Introduction
At this stage, Global Positioning System (GPS) technology is becoming more and more mature, and more and more bus companies are using this technology to realize the automatic reporting of buses. However, this method is complicated in technology, large in investment, and difficult to promote. This paper uses remote radio frequency technology, combined with the working principle of single-chip microcomputer, to transform the manual station reporting device of the existing bus. Taking the practicality, cost performance and operability as the main starting point, we designed the automatic reporting system of the bus to reduce the labor intensity of the bus driver and improve the safety of the bus system and the accuracy of the station.
1 equipment overall design
The automatic bus station is mainly composed of RF reader, RF card, main control circuit board, voice storage module and keyboard display module. The block diagram of the design scheme is shown in Figure 1.

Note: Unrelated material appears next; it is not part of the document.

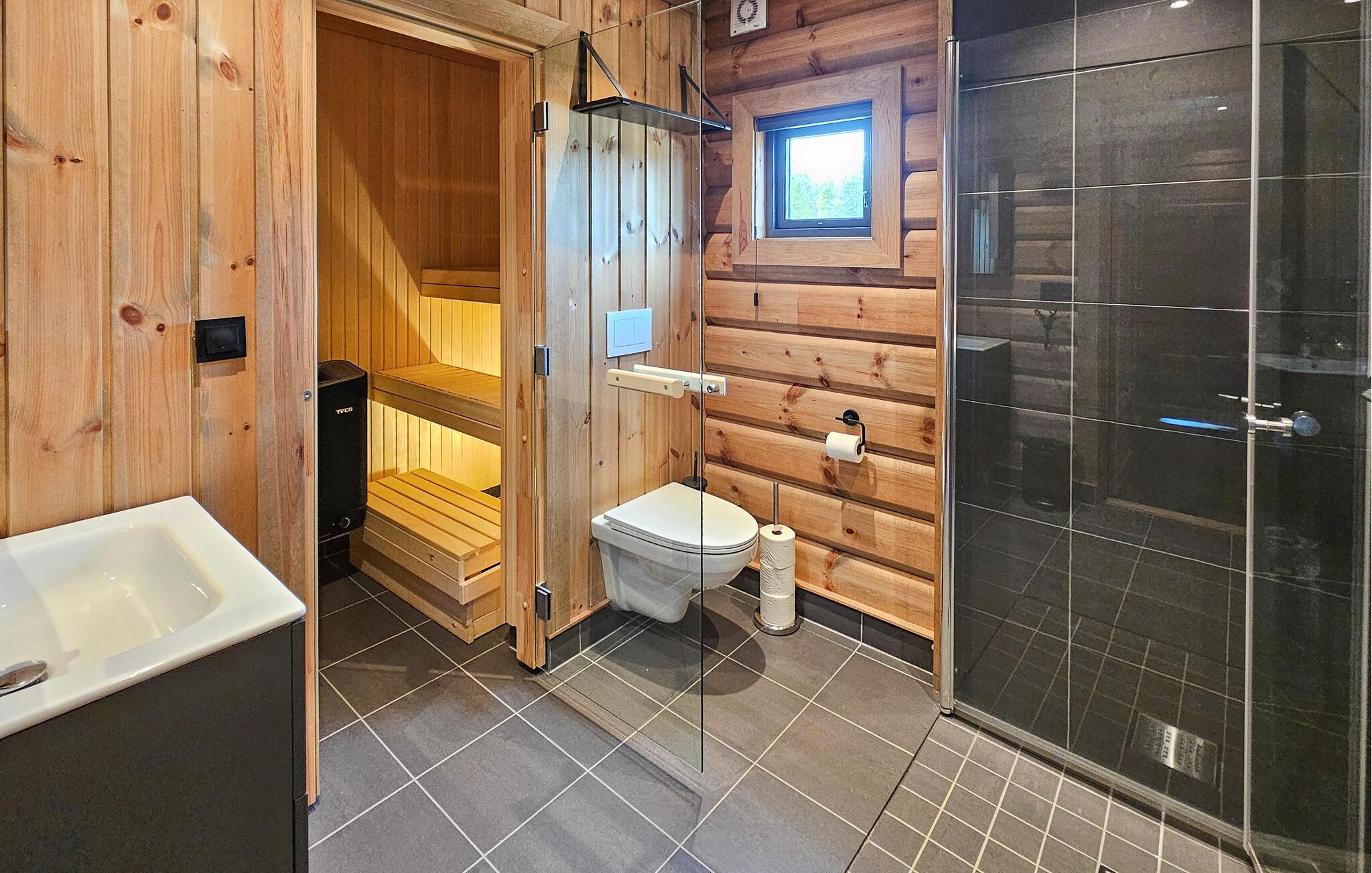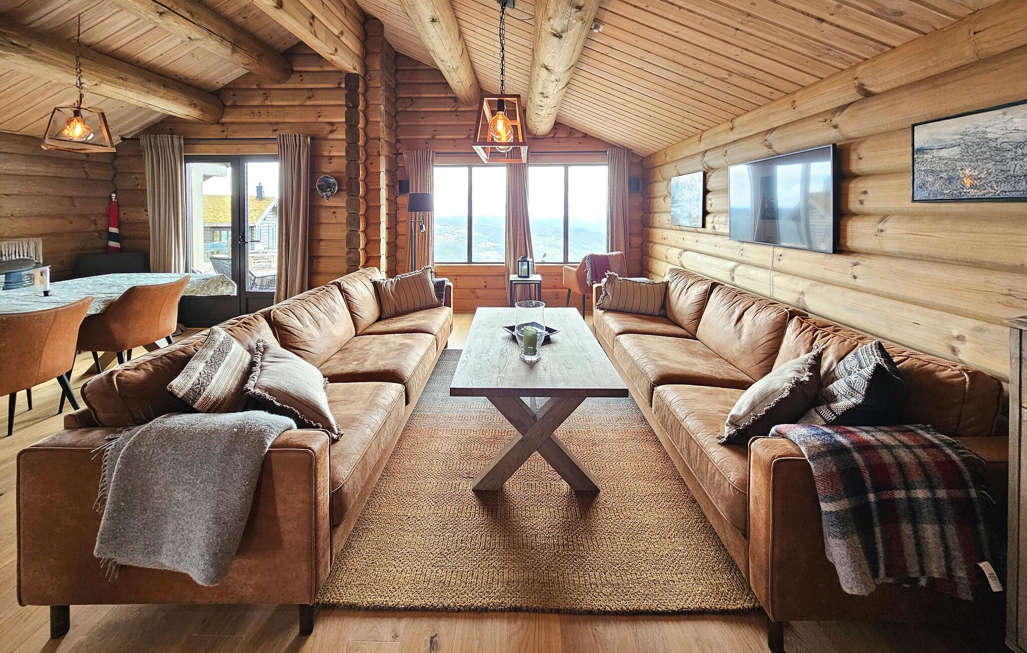 Dieses in den Bergen gelegene Ferienhaus heißt Sie mit einer einladenden Atmosphäre willkommen. Machen Sie es sich auf der großen Sofalandschaft mit einer Tasse Kaffee gemütlich, streamen Sie Ihre Lieblingsserie oder entspannen Sie sich nach einem Tag voller Aktivitäten in der Sauna. An kühleren Tagen können Sie sich zudem am knisternden Kaminofen wärmen.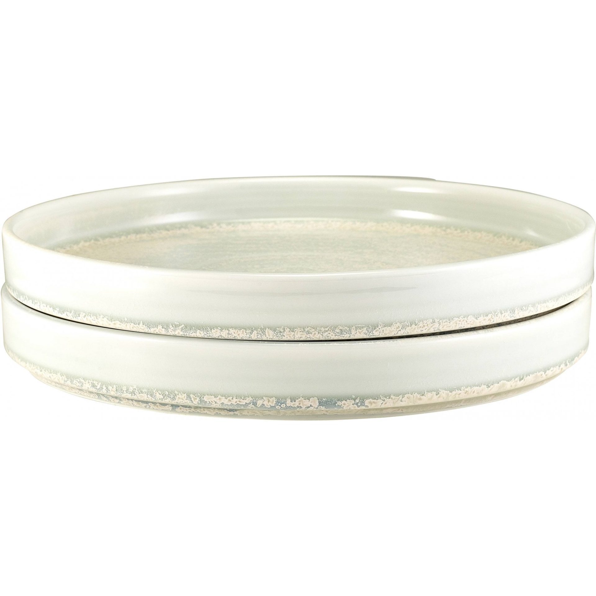 Terra Porcelain's undefined beauty is crafted through natural effects and spontaneous reactions which occur in the kiln. A unique glaze formula, combined with high temperature firing, results in no two pieces looking exactly alike and colour intensity variations from piece to piece, creating a truly distinctive look. The Pearl Terra Porcelain collection draws inspiration from the iridescent hues and natural beauty of pearls with it's blend of soft whites, greens and blues which shimmer and shine. Each piece in the collection boasts a luxurious and unique pearlescent finish which adds a touch of opulence to culinary presentation perfect for a spectrum of dishes and cuisines.

Set a specific RF card at the bus stop. When the bus enters the working range (the station enters the working distance of the antenna on the bus), the RF card on the station receives the signal from the transmitter and the information of the RF card. It is reflected back to the reader through the antenna. After receiving, it is verified by the MCU, and the signal is sent to the main control circuit for screening to identify the information of the station. After the identification is completed, the MCU activates the voice storage module, and calls the voice module to record the voice information corresponding to the station, and then uses the operational amplifier circuit to drive the sound in the bus to remind the passenger station information, so that the passenger rides more. Convenient, because the driver does not participate in the whole process, the safety of the bus is greatly improved.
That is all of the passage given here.